DATA FOR THE TASK below:

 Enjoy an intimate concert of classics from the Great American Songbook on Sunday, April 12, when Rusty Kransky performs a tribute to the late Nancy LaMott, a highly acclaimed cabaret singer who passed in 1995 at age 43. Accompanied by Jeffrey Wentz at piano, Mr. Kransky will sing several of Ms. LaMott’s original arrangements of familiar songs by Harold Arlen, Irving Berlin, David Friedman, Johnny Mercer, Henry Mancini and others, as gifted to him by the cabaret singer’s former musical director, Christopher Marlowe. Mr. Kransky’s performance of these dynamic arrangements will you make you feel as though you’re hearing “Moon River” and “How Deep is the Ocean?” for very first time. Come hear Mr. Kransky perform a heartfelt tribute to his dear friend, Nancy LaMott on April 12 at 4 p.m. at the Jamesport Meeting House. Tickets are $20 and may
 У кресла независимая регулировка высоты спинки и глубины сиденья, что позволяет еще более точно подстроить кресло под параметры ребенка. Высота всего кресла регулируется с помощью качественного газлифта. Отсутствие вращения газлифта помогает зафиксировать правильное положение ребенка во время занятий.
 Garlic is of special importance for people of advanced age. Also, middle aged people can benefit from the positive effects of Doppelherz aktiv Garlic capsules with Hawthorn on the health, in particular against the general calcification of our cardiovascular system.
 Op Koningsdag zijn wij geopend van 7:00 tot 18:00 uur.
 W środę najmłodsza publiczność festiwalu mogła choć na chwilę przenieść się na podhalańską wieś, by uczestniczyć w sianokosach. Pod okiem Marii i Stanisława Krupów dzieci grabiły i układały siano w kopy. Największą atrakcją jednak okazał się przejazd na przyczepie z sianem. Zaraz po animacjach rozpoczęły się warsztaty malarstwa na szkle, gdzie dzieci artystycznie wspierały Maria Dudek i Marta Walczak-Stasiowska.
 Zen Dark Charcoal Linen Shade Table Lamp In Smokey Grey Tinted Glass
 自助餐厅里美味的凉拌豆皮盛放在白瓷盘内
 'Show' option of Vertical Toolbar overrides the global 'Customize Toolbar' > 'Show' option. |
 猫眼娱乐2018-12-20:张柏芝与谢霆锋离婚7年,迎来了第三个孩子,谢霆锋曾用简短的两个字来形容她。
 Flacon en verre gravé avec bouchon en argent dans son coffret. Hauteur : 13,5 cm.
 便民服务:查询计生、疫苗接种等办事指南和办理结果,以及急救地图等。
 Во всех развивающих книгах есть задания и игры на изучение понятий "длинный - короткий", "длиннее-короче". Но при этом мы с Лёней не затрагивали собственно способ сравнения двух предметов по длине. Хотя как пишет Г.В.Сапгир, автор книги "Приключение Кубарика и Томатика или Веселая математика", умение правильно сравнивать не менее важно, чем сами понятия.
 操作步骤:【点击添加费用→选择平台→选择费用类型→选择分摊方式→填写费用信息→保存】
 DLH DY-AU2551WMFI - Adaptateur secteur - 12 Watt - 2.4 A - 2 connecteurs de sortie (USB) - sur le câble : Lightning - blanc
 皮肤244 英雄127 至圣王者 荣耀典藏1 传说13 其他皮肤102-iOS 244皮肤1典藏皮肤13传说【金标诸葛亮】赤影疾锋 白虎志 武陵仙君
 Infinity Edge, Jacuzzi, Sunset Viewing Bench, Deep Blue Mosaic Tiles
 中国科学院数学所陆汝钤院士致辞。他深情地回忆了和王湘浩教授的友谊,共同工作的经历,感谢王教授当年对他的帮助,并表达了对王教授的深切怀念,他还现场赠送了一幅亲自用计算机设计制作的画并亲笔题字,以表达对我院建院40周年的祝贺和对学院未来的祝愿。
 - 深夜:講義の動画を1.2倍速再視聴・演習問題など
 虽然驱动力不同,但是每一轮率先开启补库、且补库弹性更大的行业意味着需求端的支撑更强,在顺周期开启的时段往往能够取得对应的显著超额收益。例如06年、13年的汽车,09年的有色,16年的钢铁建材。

End of DATA FOR THE TASK.

**WHAT YOU SHOULD DO**. Go through the entries above and write each one out exactly.

**ANSWER FOR THE TASK**.
 Enjoy an intimate concert of classics from the Great American Songbook on Sunday, April 12, when Rusty Kransky performs a tribute to the late Nancy LaMott, a highly acclaimed cabaret singer who passed in 1995 at age 43. Accompanied by Jeffrey Wentz at piano, Mr. Kransky will sing several of Ms. LaMott’s original arrangements of familiar songs by Harold Arlen, Irving Berlin, David Friedman, Johnny Mercer, Henry Mancini and others, as gifted to him by the cabaret singer’s former musical director, Christopher Marlowe. Mr. Kransky’s performance of these dynamic arrangements will you make you feel as though you’re hearing “Moon River” and “How Deep is the Ocean?” for very first time. Come hear Mr. Kransky perform a heartfelt tribute to his dear friend, Nancy LaMott on April 12 at 4 p.m. at the Jamesport Meeting House. Tickets are $20 and may
 У кресла независимая регулировка высоты спинки и глубины сиденья, что позволяет еще более точно подстроить кресло под параметры ребенка. Высота всего кресла регулируется с помощью качественного газлифта. Отсутствие вращения газлифта помогает зафиксировать правильное положение ребенка во время занятий.
 Garlic is of special importance for people of advanced age. Also, middle aged people can benefit from the positive effects of Doppelherz aktiv Garlic capsules with Hawthorn on the health, in particular against the general calcification of our cardiovascular system.
 Op Koningsdag zijn wij geopend van 7:00 tot 18:00 uur.
 W środę najmłodsza publiczność festiwalu mogła choć na chwilę przenieść się na podhalańską wieś, by uczestniczyć w sianokosach. Pod okiem Marii i Stanisława Krupów dzieci grabiły i układały siano w kopy. Największą atrakcją jednak okazał się przejazd na przyczepie z sianem. Zaraz po animacjach rozpoczęły się warsztaty malarstwa na szkle, gdzie dzieci artystycznie wspierały Maria Dudek i Marta Walczak-Stasiowska.
 Zen Dark Charcoal Linen Shade Table Lamp In Smokey Grey Tinted Glass
 自助餐厅里美味的凉拌豆皮盛放在白瓷盘内
 'Show' option of Vertical Toolbar overrides the global 'Customize Toolbar' > 'Show' option. |
 猫眼娱乐2018-12-20:张柏芝与谢霆锋离婚7年,迎来了第三个孩子,谢霆锋曾用简短的两个字来形容她。
 Flacon en verre gravé avec bouchon en argent dans son coffret. Hauteur : 13,5 cm.
 便民服务:查询计生、疫苗接种等办事指南和办理结果,以及急救地图等。
 Во всех развивающих книгах есть задания и игры на изучение понятий "длинный - короткий", "длиннее-короче". Но при этом мы с Лёней не затрагивали собственно способ сравнения двух предметов по длине. Хотя как пишет Г.В.Сапгир, автор книги "Приключение Кубарика и Томатика или Веселая математика", умение правильно сравнивать не менее важно, чем сами понятия.
 操作步骤:【点击添加费用→选择平台→选择费用类型→选择分摊方式→填写费用信息→保存】
 DLH DY-AU2551WMFI - Adaptateur secteur - 12 Watt - 2.4 A - 2 connecteurs de sortie (USB) - sur le câble : Lightning - blanc
 皮肤244 英雄127 至圣王者 荣耀典藏1 传说13 其他皮肤102-iOS 244皮肤1典藏皮肤13传说【金标诸葛亮】赤影疾锋 白虎志 武陵仙君
 Infinity Edge, Jacuzzi, Sunset Viewing Bench, Deep Blue Mosaic Tiles
 中国科学院数学所陆汝钤院士致辞。他深情地回忆了和王湘浩教授的友谊,共同工作的经历,感谢王教授当年对他的帮助,并表达了对王教授的深切怀念,他还现场赠送了一幅亲自用计算机设计制作的画并亲笔题字,以表达对我院建院40周年的祝贺和对学院未来的祝愿。
 - 深夜:講義の動画を1.2倍速再視聴・演習問題など
 虽然驱动力不同,但是每一轮率先开启补库、且补库弹性更大的行业意味着需求端的支撑更强,在顺周期开启的时段往往能够取得对应的显著超额收益。例如06年、13年的汽车,09年的有色,16年的钢铁建材。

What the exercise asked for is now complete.